Korean Cold Rice Noodle Salad with Chicken Recipe
This refreshing salad with rice noodles, chicken, and vegetables is Korea’s answer to Mediterranean-style summer pasta with vegetables. In Korea, similar dishes are eaten during heatwaves, when no one feels like standing by the stove for long. A dressing based on soy sauce, vinegar, and a touch of chili makes the salad light yet full of flavor.
This salad combines the lightness of rice noodles with juicy chicken and crisp vegetables in a Korean-style soy and vinegar dressing. It’s quick to prepare, perfect for hot days, and offers a refreshing alternative to classic pasta salads.
Chef's tips
Do not overcook the rice noodles—keep an eye on them and rinse with cold water as soon as they soften so they stay pleasantly springy. For deeper flavor, you can briefly marinate the shredded chicken in a spoonful of the dressing before mixing it with the noodles and vegetables.
How to serve
Serve the salad well chilled, optionally with extra chili flakes and lime wedges on the side so everyone can adjust the acidity and heat to their taste. It also works well in lunch boxes; just keep the dressing separate and mix shortly before eating.
Ingredients
- chicken breast skinless, one large single breast - 250 g
- rice noodles thin, vermicelli type - 150 g
- cucumber fresh, cut into thin matchsticks - 1 piece
- carrot coarsely grated or cut into thin matchsticks - 1 piece
- bell pepper red or yellow, cut into thin strips - 0.5 pieces
- chives chopped - 2 tablespoons
- soy sauce for the dressing - 3 tablespoons
- rice vinegar adds acidity - 2 tablespoons
- honey or sugar - 1 tablespoon
- sesame oil for the dressing - 1 tablespoon
- chili flakes optional, for a mild heat - 0.5 teaspoons
- garlic grated or very finely chopped - 1 clove
- sesame seeds toasted in a dry pan - 1 tablespoon
- salt for cooking the chicken - 0.25 teaspoons
Preparation
- Place the chicken breast in a small pot, cover with water so it is fully submerged, and add a pinch of salt. Bring to a gentle boil, reduce the heat, and cook for 12–15 minutes, until the meat is no longer pink in the center. Remove the chicken and set aside to cool.
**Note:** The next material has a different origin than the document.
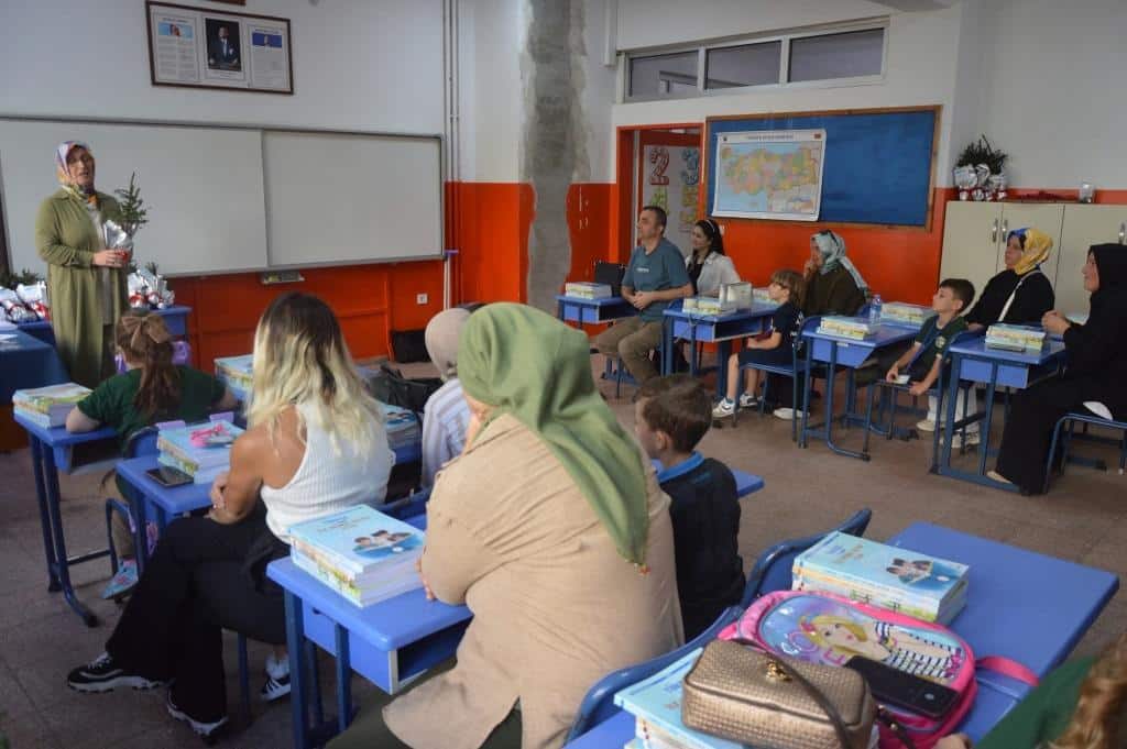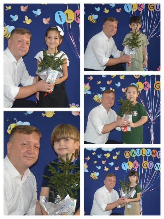 Bu yıl birinci sınıflara ders verecek olan öğretmenlerimizden Güzün Boğoşli, sınıfındaki öğrencilerine anlamlı bir sürpriz yaparak, yalnızca kitap değil, aynı zamanda doğa bilincini aşılayacak çam ağacı fidanları da hediye etti. Öğrencilerinin masalarına yerleştirdiği kitaplarının yanına, her birine bir çam fidanı bırakarak hem doğayı hem de çevre duyarlılığını teşvik etti.

- Pour boiling water over the rice noodles in a large bowl and leave for 5–7 minutes (or according to the package instructions), until they soften. Drain in a colander and rinse with cold water to stop the cooking. Set aside to drain.
- Cut the cucumber into thin matchsticks. If the skin is very tough, you can peel it first. Coarsely grate the carrot or cut it into thin matchsticks. Cut the bell pepper into thin strips and chop the chives.
- In a bowl, mix together the soy sauce, rice vinegar, honey, sesame oil, grated garlic, and chili flakes. Stir until the honey dissolves and you have a smooth dressing.
- Shred the cooled chicken with your fingers or cut it into thin strips with a knife. This way it will absorb the dressing better.
- In a large bowl, combine the rice noodles, chicken, cucumber, carrot, and bell pepper. Pour over the prepared dressing and mix thoroughly with your hands or tongs so all the ingredients are coated.
- Sprinkle the salad with toasted sesame seeds and chopped chives. Refrigerate for at least 15 minutes to let the flavors meld, then serve chilled.
Storage
No storage information available for this dish.
I like to prepare this salad on days when it’s too hot to cook. The combination of cool noodles, crunchy vegetables, and a tangy, slightly spicy dressing always feels energizing without being heavy.